(WHAT THE TASK ASKS):
Retype every line of the data, keeping each word exactly.

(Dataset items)
————————

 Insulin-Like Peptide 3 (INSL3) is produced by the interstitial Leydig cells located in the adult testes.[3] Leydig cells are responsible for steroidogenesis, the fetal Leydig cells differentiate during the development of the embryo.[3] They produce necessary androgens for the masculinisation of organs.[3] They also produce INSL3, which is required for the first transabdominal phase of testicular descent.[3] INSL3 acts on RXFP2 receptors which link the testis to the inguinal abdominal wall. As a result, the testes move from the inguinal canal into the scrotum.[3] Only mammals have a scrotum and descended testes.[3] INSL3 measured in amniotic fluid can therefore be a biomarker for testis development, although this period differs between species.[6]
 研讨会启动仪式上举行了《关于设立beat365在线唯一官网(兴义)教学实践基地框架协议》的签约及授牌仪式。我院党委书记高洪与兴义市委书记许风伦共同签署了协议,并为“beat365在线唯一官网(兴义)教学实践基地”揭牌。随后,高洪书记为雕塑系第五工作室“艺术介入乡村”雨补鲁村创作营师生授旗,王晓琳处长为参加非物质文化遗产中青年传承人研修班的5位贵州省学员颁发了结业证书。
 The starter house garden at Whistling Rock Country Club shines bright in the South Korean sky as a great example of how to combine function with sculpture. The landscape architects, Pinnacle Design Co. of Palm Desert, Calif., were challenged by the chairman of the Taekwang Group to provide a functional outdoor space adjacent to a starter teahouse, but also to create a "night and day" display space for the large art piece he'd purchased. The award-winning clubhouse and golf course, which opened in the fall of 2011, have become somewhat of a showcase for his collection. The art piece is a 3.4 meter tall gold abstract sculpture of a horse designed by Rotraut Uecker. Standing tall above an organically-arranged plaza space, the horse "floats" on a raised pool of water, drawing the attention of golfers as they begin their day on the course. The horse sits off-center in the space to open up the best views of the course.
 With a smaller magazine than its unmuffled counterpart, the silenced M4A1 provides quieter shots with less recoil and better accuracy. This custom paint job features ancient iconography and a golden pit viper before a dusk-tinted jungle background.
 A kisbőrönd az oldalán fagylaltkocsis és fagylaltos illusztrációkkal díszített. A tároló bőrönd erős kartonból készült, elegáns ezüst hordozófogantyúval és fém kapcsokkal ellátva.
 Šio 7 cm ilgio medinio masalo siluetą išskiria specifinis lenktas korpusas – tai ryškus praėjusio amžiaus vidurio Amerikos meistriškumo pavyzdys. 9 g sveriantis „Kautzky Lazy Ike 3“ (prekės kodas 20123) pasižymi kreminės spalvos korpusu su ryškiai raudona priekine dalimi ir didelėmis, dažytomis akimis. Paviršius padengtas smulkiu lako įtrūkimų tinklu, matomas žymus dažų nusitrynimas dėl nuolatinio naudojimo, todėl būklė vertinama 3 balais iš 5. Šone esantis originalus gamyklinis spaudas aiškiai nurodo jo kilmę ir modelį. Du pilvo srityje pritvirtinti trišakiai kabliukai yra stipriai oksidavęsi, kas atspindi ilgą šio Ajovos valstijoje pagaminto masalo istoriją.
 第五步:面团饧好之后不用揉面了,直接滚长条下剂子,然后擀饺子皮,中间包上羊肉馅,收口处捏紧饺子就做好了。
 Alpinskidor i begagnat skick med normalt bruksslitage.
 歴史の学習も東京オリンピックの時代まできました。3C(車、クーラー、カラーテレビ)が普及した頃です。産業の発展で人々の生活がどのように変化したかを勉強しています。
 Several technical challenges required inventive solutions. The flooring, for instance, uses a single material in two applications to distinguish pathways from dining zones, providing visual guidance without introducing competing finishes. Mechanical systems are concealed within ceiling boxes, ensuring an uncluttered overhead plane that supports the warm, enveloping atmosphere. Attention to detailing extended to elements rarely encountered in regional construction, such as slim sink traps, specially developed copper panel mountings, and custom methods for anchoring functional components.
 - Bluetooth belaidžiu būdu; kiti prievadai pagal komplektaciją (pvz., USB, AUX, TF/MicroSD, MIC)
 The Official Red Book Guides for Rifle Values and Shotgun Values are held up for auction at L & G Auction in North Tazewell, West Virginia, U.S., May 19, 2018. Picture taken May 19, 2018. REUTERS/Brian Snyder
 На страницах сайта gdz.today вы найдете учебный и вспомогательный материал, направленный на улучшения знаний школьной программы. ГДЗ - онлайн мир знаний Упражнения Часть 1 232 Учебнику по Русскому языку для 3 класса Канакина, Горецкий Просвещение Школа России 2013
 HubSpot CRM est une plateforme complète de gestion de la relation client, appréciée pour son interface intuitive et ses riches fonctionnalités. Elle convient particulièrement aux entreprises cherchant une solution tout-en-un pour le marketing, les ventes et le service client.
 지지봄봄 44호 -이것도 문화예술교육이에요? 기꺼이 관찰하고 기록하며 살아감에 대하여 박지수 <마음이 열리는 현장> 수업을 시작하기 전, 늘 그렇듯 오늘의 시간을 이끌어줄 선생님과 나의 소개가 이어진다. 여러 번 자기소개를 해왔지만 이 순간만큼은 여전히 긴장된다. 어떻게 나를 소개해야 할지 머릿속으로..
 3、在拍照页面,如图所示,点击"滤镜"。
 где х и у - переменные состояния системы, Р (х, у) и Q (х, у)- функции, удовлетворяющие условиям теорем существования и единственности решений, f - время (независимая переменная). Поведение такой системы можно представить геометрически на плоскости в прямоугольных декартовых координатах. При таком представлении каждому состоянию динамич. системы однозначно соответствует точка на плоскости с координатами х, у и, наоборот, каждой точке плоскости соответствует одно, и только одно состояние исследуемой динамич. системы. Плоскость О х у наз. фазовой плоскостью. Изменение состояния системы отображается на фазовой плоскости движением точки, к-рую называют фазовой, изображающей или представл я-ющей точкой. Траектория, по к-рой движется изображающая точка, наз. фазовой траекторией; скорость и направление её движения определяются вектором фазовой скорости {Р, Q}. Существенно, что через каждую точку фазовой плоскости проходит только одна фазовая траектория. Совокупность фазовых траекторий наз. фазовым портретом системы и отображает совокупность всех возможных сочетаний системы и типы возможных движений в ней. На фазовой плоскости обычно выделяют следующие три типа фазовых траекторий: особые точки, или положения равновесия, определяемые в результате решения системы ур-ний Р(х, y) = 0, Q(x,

————————

(ANSWER SPACE):
 Insulin-Like Peptide 3 (INSL3) is produced by the interstitial Leydig cells located in the adult testes.[3] Leydig cells are responsible for steroidogenesis, the fetal Leydig cells differentiate during the development of the embryo.[3] They produce necessary androgens for the masculinisation of organs.[3] They also produce INSL3, which is required for the first transabdominal phase of testicular descent.[3] INSL3 acts on RXFP2 receptors which link the testis to the inguinal abdominal wall. As a result, the testes move from the inguinal canal into the scrotum.[3] Only mammals have a scrotum and descended testes.[3] INSL3 measured in amniotic fluid can therefore be a biomarker for testis development, although this period differs between species.[6]
 研讨会启动仪式上举行了《关于设立beat365在线唯一官网(兴义)教学实践基地框架协议》的签约及授牌仪式。我院党委书记高洪与兴义市委书记许风伦共同签署了协议,并为“beat365在线唯一官网(兴义)教学实践基地”揭牌。随后,高洪书记为雕塑系第五工作室“艺术介入乡村”雨补鲁村创作营师生授旗,王晓琳处长为参加非物质文化遗产中青年传承人研修班的5位贵州省学员颁发了结业证书。
 The starter house garden at Whistling Rock Country Club shines bright in the South Korean sky as a great example of how to combine function with sculpture. The landscape architects, Pinnacle Design Co. of Palm Desert, Calif., were challenged by the chairman of the Taekwang Group to provide a functional outdoor space adjacent to a starter teahouse, but also to create a "night and day" display space for the large art piece he'd purchased. The award-winning clubhouse and golf course, which opened in the fall of 2011, have become somewhat of a showcase for his collection. The art piece is a 3.4 meter tall gold abstract sculpture of a horse designed by Rotraut Uecker. Standing tall above an organically-arranged plaza space, the horse "floats" on a raised pool of water, drawing the attention of golfers as they begin their day on the course. The horse sits off-center in the space to open up the best views of the course.
 With a smaller magazine than its unmuffled counterpart, the silenced M4A1 provides quieter shots with less recoil and better accuracy. This custom paint job features ancient iconography and a golden pit viper before a dusk-tinted jungle background.
 A kisbőrönd az oldalán fagylaltkocsis és fagylaltos illusztrációkkal díszített. A tároló bőrönd erős kartonból készült, elegáns ezüst hordozófogantyúval és fém kapcsokkal ellátva.
 Šio 7 cm ilgio medinio masalo siluetą išskiria specifinis lenktas korpusas – tai ryškus praėjusio amžiaus vidurio Amerikos meistriškumo pavyzdys. 9 g sveriantis „Kautzky Lazy Ike 3“ (prekės kodas 20123) pasižymi kreminės spalvos korpusu su ryškiai raudona priekine dalimi ir didelėmis, dažytomis akimis. Paviršius padengtas smulkiu lako įtrūkimų tinklu, matomas žymus dažų nusitrynimas dėl nuolatinio naudojimo, todėl būklė vertinama 3 balais iš 5. Šone esantis originalus gamyklinis spaudas aiškiai nurodo jo kilmę ir modelį. Du pilvo srityje pritvirtinti trišakiai kabliukai yra stipriai oksidavęsi, kas atspindi ilgą šio Ajovos valstijoje pagaminto masalo istoriją.
 第五步:面团饧好之后不用揉面了,直接滚长条下剂子,然后擀饺子皮,中间包上羊肉馅,收口处捏紧饺子就做好了。
 Alpinskidor i begagnat skick med normalt bruksslitage.
 歴史の学習も東京オリンピックの時代まできました。3C(車、クーラー、カラーテレビ)が普及した頃です。産業の発展で人々の生活がどのように変化したかを勉強しています。
 Several technical challenges required inventive solutions. The flooring, for instance, uses a single material in two applications to distinguish pathways from dining zones, providing visual guidance without introducing competing finishes. Mechanical systems are concealed within ceiling boxes, ensuring an uncluttered overhead plane that supports the warm, enveloping atmosphere. Attention to detailing extended to elements rarely encountered in regional construction, such as slim sink traps, specially developed copper panel mountings, and custom methods for anchoring functional components.
 - Bluetooth belaidžiu būdu; kiti prievadai pagal komplektaciją (pvz., USB, AUX, TF/MicroSD, MIC)
 The Official Red Book Guides for Rifle Values and Shotgun Values are held up for auction at L & G Auction in North Tazewell, West Virginia, U.S., May 19, 2018. Picture taken May 19, 2018. REUTERS/Brian Snyder
 На страницах сайта gdz.today вы найдете учебный и вспомогательный материал, направленный на улучшения знаний школьной программы. ГДЗ - онлайн мир знаний Упражнения Часть 1 232 Учебнику по Русскому языку для 3 класса Канакина, Горецкий Просвещение Школа России 2013
 HubSpot CRM est une plateforme complète de gestion de la relation client, appréciée pour son interface intuitive et ses riches fonctionnalités. Elle convient particulièrement aux entreprises cherchant une solution tout-en-un pour le marketing, les ventes et le service client.
 지지봄봄 44호 -이것도 문화예술교육이에요? 기꺼이 관찰하고 기록하며 살아감에 대하여 박지수 <마음이 열리는 현장> 수업을 시작하기 전, 늘 그렇듯 오늘의 시간을 이끌어줄 선생님과 나의 소개가 이어진다. 여러 번 자기소개를 해왔지만 이 순간만큼은 여전히 긴장된다. 어떻게 나를 소개해야 할지 머릿속으로..
 3、在拍照页面,如图所示,点击"滤镜"。
 где х и у - переменные состояния системы, Р (х, у) и Q (х, у)- функции, удовлетворяющие условиям теорем существования и единственности решений, f - время (независимая переменная). Поведение такой системы можно представить геометрически на плоскости в прямоугольных декартовых координатах. При таком представлении каждому состоянию динамич. системы однозначно соответствует точка на плоскости с координатами х, у и, наоборот, каждой точке плоскости соответствует одно, и только одно состояние исследуемой динамич. системы. Плоскость О х у наз. фазовой плоскостью. Изменение состояния системы отображается на фазовой плоскости движением точки, к-рую называют фазовой, изображающей или представл я-ющей точкой. Траектория, по к-рой движется изображающая точка, наз. фазовой траекторией; скорость и направление её движения определяются вектором фазовой скорости {Р, Q}. Существенно, что через каждую точку фазовой плоскости проходит только одна фазовая траектория. Совокупность фазовых траекторий наз. фазовым портретом системы и отображает совокупность всех возможных сочетаний системы и типы возможных движений в ней. На фазовой плоскости обычно выделяют следующие три типа фазовых траекторий: особые точки, или положения равновесия, определяемые в результате решения системы ур-ний Р(х, y) = 0, Q(x,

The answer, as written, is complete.